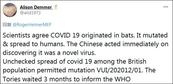 赫爾默在28日的推特中寫道:“我們能停止將變異新冠病毒稱為‘在英國起源’嗎?它(病毒)只是在英國發(fā)現(xiàn),這(和英國起源)完全是兩碼事。”
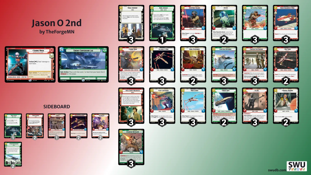 7th Place Justin – Sabine / Red https://swudb.com/deck/FYuYvgQvLaHWY
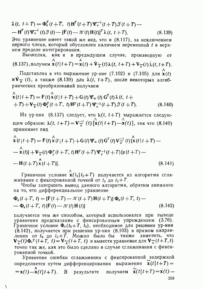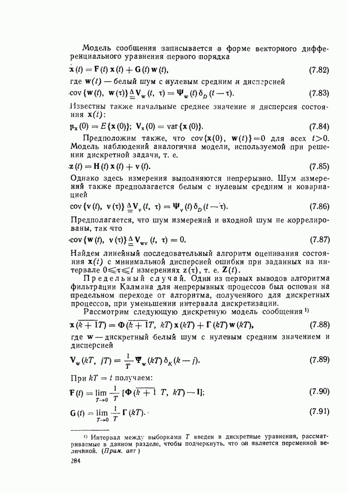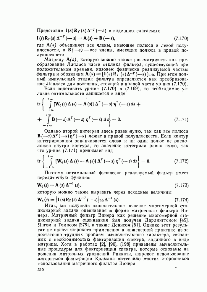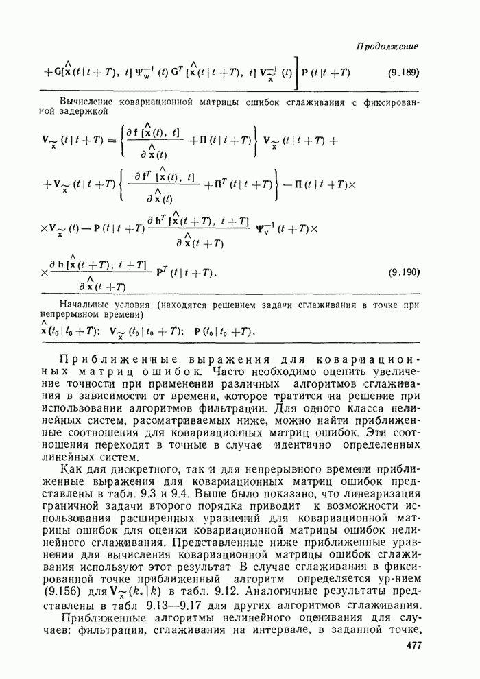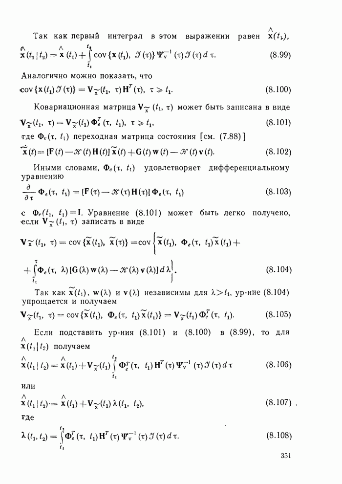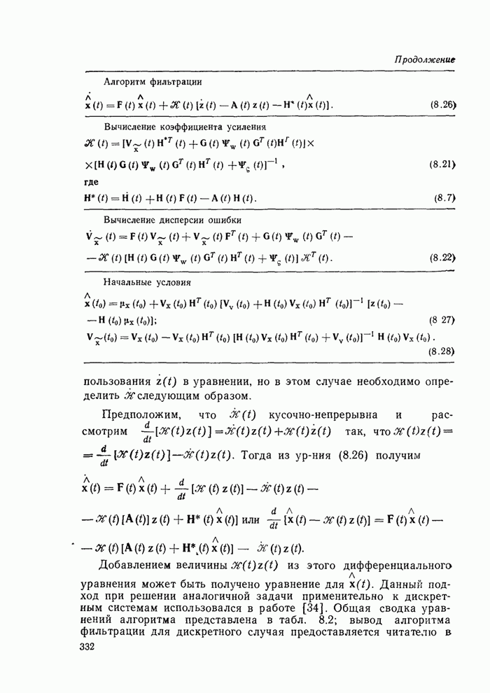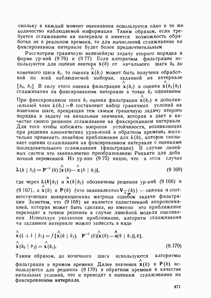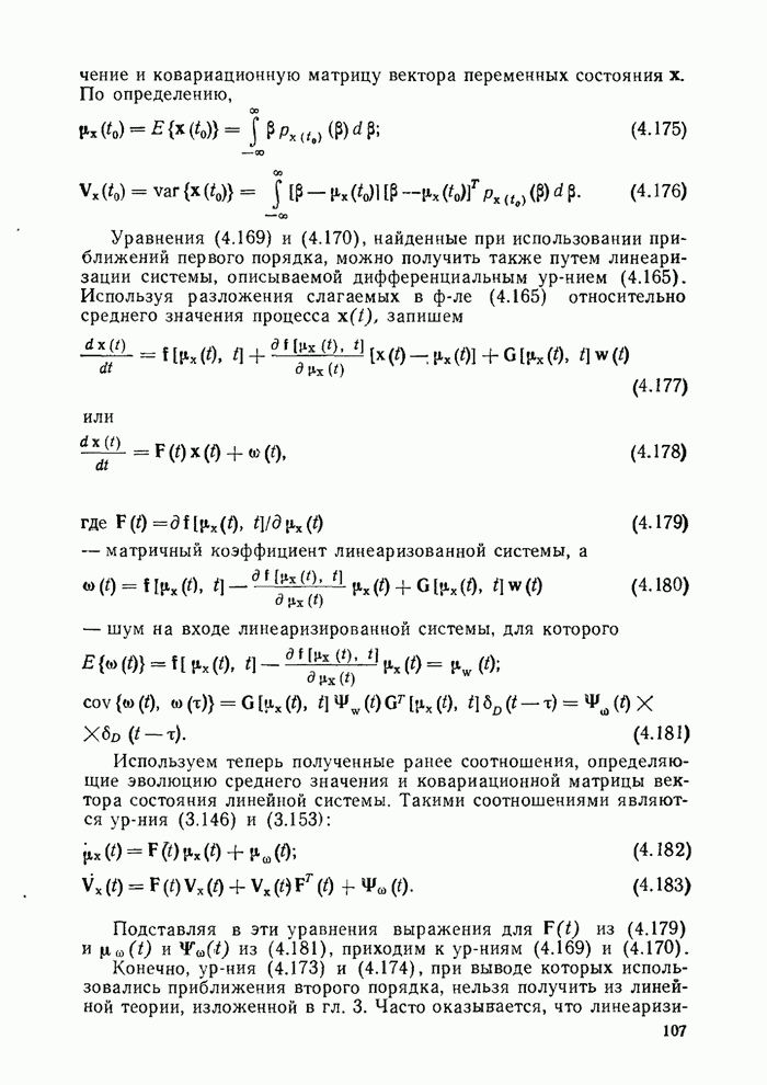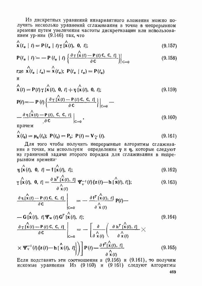 мы выбираем В заключение главы интересно, хотя бы вкратце, рассмотреть один из способов аналитического решения нелинейного уравнения дисперсии путем решения системы линейных матричных дифференциальных уравнений. В вычислительном отношении этот метод не представляет большой ценности, поскольку, за исключением случая стационарных моделей сообщения и наблюдений, получающиеся при этом уравнения не могут быть достаточно легко решены. С другой стороны, этот метод часто оказывается весьма полезным при формулировке общих выводов о характере решения уравнения дисперсии. Пусть
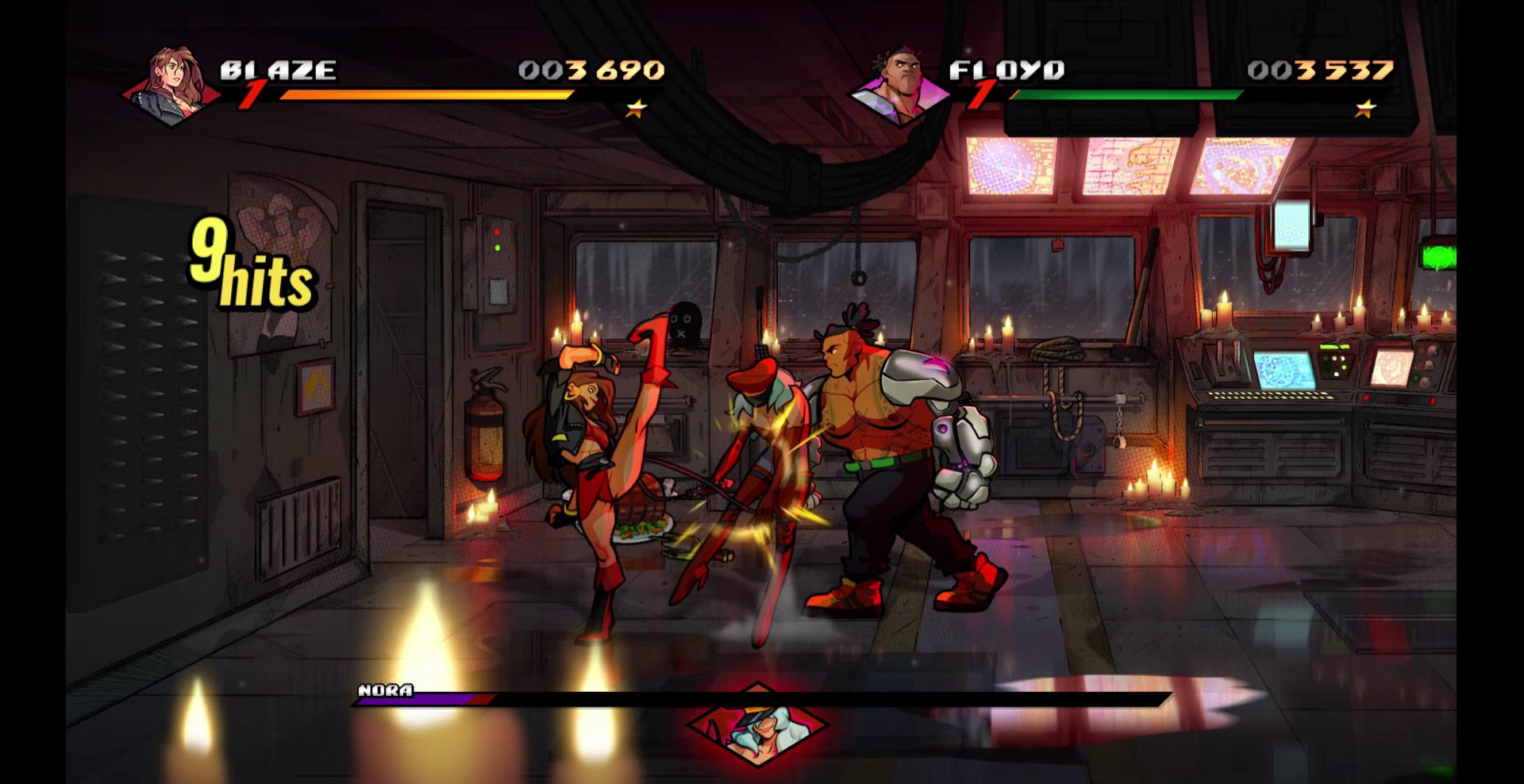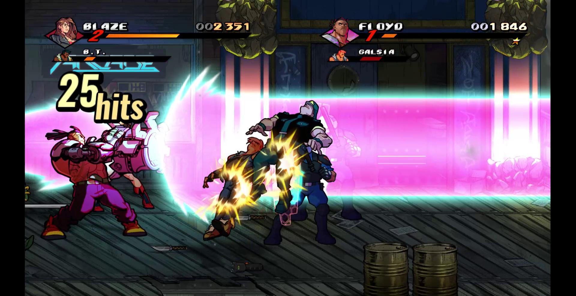 Axel and Blaze set out to track the Y twins down. They’re joined by Floyd, a cybernetically-enhanced brawler who is blatantly Jax Briggs from Mortal Kombat (although Jax never had the Proton Cannon, so that’s something); Cherry, a guitar-wielding musician who’s the daughter of Adam Hunter from the original Streets of Rage; and Adam, who rejoins the playable roster after you clear a few chapters in Story Mode.
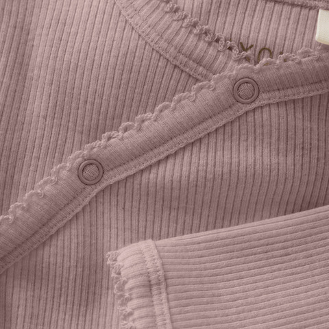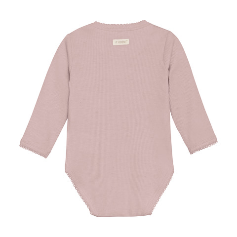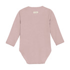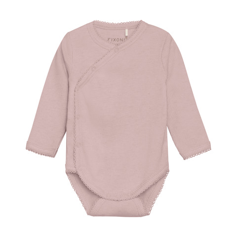 Langærmet slå-om-body fra FIXONI i ensfarvet mélange-kvalitet. Bodyen er fremstillet i en blød og behagelig kvalitet og lukkes nemt med trykknapper foran og mellem benene – praktisk ved både påklædning og bleskift.
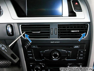 Diese Anleitung zeigt den Einbau einer FISCON Plus Freisprecheinrichtung in einen Audi A4 (8K) oder A5 mit Radio Concert oder Symphony.
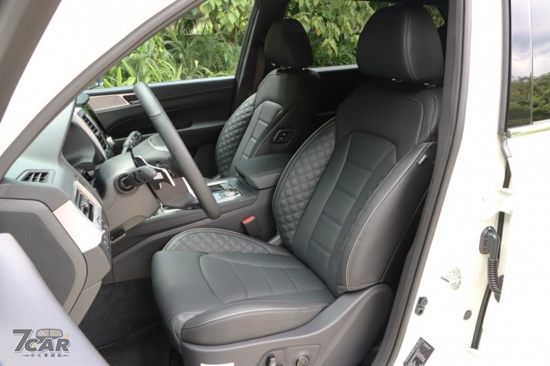 雙前座採 Nappa 材質搭配菱格紋縫線營造出不俗質感,並具備電調、加熱 / 通風機能,整體乘坐舒適性優異,另外駕駛座更具備迎賓進出模式。

---*---

## REQUIREMENT
Without the pictures, give all the records above again exactly.

## SOLVED EXERCISE
 赫爾默在28日的推特中寫道:“我們能停止將變異新冠病毒稱為‘在英國起源’嗎?它(病毒)只是在英國發(fā)現(xiàn),這(和英國起源)完全是兩碼事。”
 7th Place Justin – Sabine / Red https://swudb.com/deck/FYuYvgQvLaHWY
 мы выбираем В заключение главы интересно, хотя бы вкратце, рассмотреть один из способов аналитического решения нелинейного уравнения дисперсии путем решения системы линейных матричных дифференциальных уравнений. В вычислительном отношении этот метод не представляет большой ценности, поскольку, за исключением случая стационарных моделей сообщения и наблюдений, получающиеся при этом уравнения не могут быть достаточно легко решены. С другой стороны, этот метод часто оказывается весьма полезным при формулировке общих выводов о характере решения уравнения дисперсии. Пусть
 Axel and Blaze set out to track the Y twins down. They’re joined by Floyd, a cybernetically-enhanced brawler who is blatantly Jax Briggs from Mortal Kombat (although Jax never had the Proton Cannon, so that’s something); Cherry, a guitar-wielding musician who’s the daughter of Adam Hunter from the original Streets of Rage; and Adam, who rejoins the playable roster after you clear a few chapters in Story Mode.
 Langærmet slå-om-body fra FIXONI i ensfarvet mélange-kvalitet. Bodyen er fremstillet i en blød og behagelig kvalitet og lukkes nemt med trykknapper foran og mellem benene – praktisk ved både påklædning og bleskift.
 Diese Anleitung zeigt den Einbau einer FISCON Plus Freisprecheinrichtung in einen Audi A4 (8K) oder A5 mit Radio Concert oder Symphony.
 雙前座採 Nappa 材質搭配菱格紋縫線營造出不俗質感,並具備電調、加熱 / 通風機能,整體乘坐舒適性優異,另外駕駛座更具備迎賓進出模式。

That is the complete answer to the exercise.